Values aligned in columns:

my_url <- 
  "http://ritsokiguess.site/datafiles/analgesic.txt"
pain <- read_table(my_url)
pain %>% mutate(diff = druga - drugb) -> pain
glimpse(pain)

Rows: 12
Columns: 4
$ subject <dbl> 1, 2, 3, 4, 5, 6, 7, 8, 9, 10, 11, 12
$ druga   <dbl> 2.0, 3.6, 2.6, 2.6, 7.3, 3.4, 14.9, 6.6, 2.3, 2.0, 6.8, 8.5
$ drugb   <dbl> 3.5, 5.7, 2.9, 2.4, 9.9, 3.3, 16.7, 6.0, 3.8, 4.0, 9.1, 20.9
$ diff    <dbl> -1.5, -2.1, -0.3, 0.2, -2.6, 0.1, -1.8, 0.6, -1.5, -2.0, -2.3,…

Assessing normality

Matched pairs analyses assume (theoretically) that differences normally distributed.
How to assess normality? A normal quantile plot.

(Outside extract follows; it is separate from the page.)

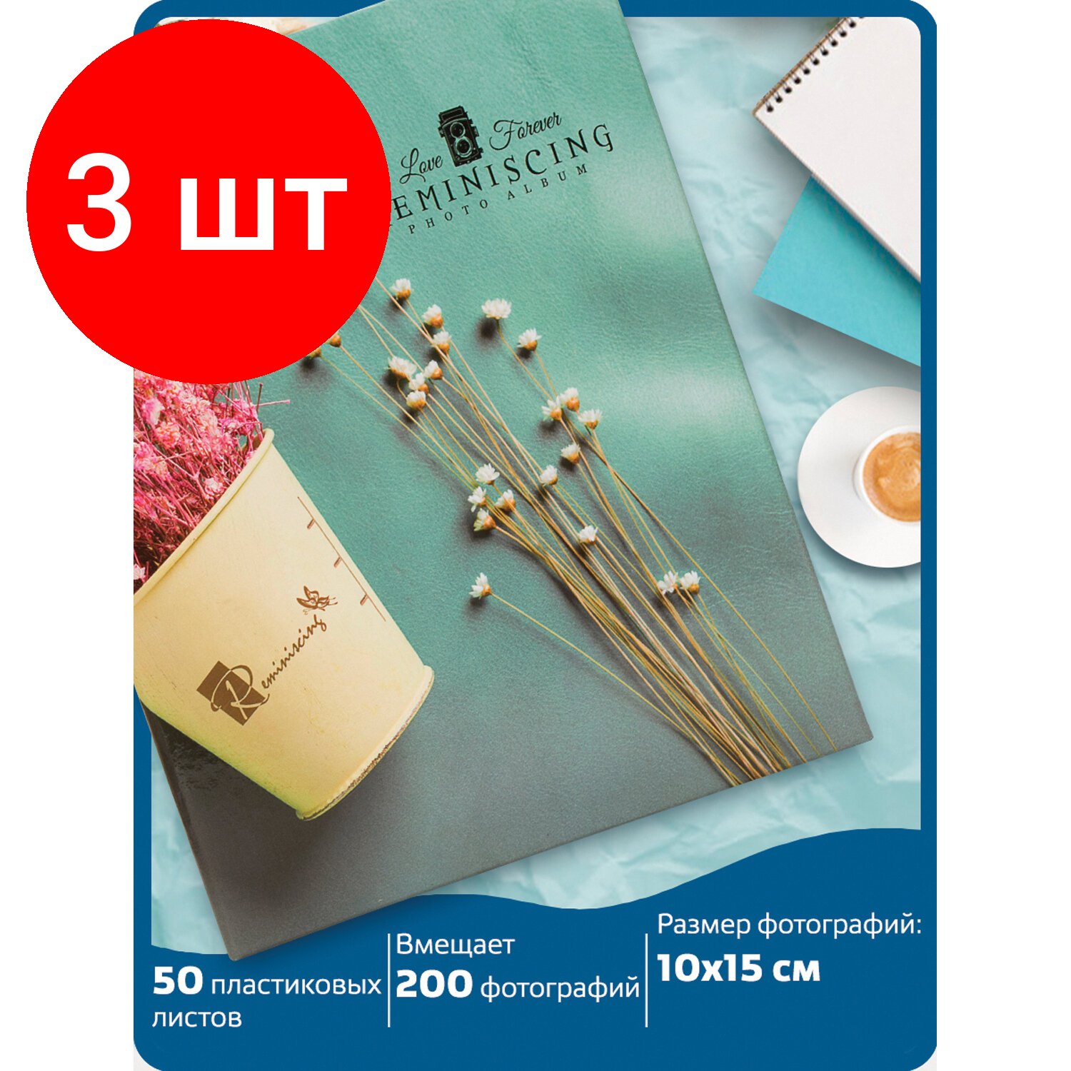 Фотоальбом Brauberg "На бирюзовом фоне", на 200 фото 10х15см, твердая обложка, термосварка, 2шт. (391166)

The normal quantile plot (of differences)

ggplot(pain, aes(sample = diff)) + stat_qq() + stat_qq_line()

Points should follow the straight line. Bottom left one way off, so normality questionable here: outlier.

What to do instead?

Matched pairs \(t\)-test based on one sample of differences
the differences not normal (enough)
so do sign test on differences, null median 0:

sign_test(pain, diff, 0)

$above_below
below above 
    9     3 

$p_values
  alternative    p_value
1       lower 0.07299805
2       upper 0.98071289
3   two-sided 0.14599609

No evidence of any difference between the drugs (that the median difference is not zero).

Did we really need to worry about that outlier?

Bootstrap sampling distribution of sample mean differences:

tibble(sim = 1:10000) %>% 
  rowwise() %>% 
  mutate(my_sample = list(sample(pain$diff, replace = TRUE))) %>% 
  mutate(my_mean = mean(my_sample)) %>% 
  ggplot(aes(sample = my_mean)) + stat_qq() + stat_qq_line() -> g

The normal quantile plot

Yes we did need to worry; this is clearly skewed left and not normal.